Tout semble donc en place pour que le talent de chacun puisse s’épanouir lors d’un tournage qui ne durera que six semaines, permettant à Granier-Deferre de montrer qu’il peut accommoder sa mise en scène à toutes les atmosphères pour réaliser l’un de ses meilleurs films. Une étude subtile mais aussi fouillée et signifiante sur les méthodes managériales se mettant en place au sein des entreprises (principalement les grandes) depuis le début des années 1970 où la rationalité dénuée d’affect est clairement prônée comme essentielle pour résister à la mondialisation des marchés qui avance à grand pas. Des méthodes se développant à grand renfort de conférences et de séminaires dans tous les milieux y compris un secteur public peu préparé et qui de fait généreront certaines tragédies humaines faisant la une des médias à l’aune des années 2000. Un bouleversement des comportements humains encouragé par certaines séries célèbres et prolongé par l’apparition de la téléréalité se chargeant de banaliser le recours à certaines pratiques auparavant jugées déloyales.
« Une étrange affaire » un peu précurseur expose
la captation d’une personnalité et la destruction d’un couple par un dirigeant prédateur qui semble ne pouvoir assumer la vacuité de sa vie personnelle qu’en accaparant celles d’autres qu’il choisit au gré de ses pérégrinations dans les décombres d’un capitalisme toujours plus retors
. Michel Piccoli certainement un des plus grands acteurs de la seconde moitié du XXème siècle, déploie tout son charme onctueux et ambigu pour attirer dans ses rets
ce jeune adulte visiblement marqué par l’absence d’un père
dont Malair très renseigné sent très vite qu’il va pouvoir tirer profit.

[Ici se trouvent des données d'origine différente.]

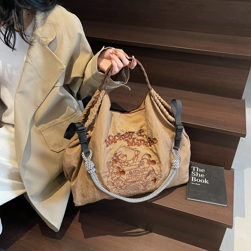 Casual literary canvas bag fashionable cartoon embroidered handbag large capacity Mickey shoulder bag women’s bag

Le film prend à certain moment une dimension fantastique construite à partir du trouble profond qui saisit un Louis tout
d’abord séduit, puis désarçonné pour finir, essoré et sans défense
. Le spectateur cinéphile pourra voir à la manière dont est filmé par instant Michel Piccoli une certaine parenté avec « Le Nosferatu » de Murnau, François Lingre incarnant l’âme damnée de Malair (cf. Renfield) chargé de détecter les proies faciles pour son maître. Comme le confirmeront Jean-Marc Roberts et Pierre Granier-Deferre l’absence du père qu’ils ont tous deux ressenti dans leur chair constitue une des clefs de lecture du film au-delà de son constat sans concession sur l’évolution des comportements entrepreneuriaux. S’il a reçu l’Ours d’argent du meilleur acteur au festival de Berlin en 1982, Michel Piccoli a été boudé par les Césars qui à l’instar de Patrick Dewaere l'ignoreront jusqu’au bout de sa prestigieuse carrière. Un film à voir absolument avec des acteurs à leur meilleur et un Pierre Granier-Deferre en chef d’orchestre virtuose.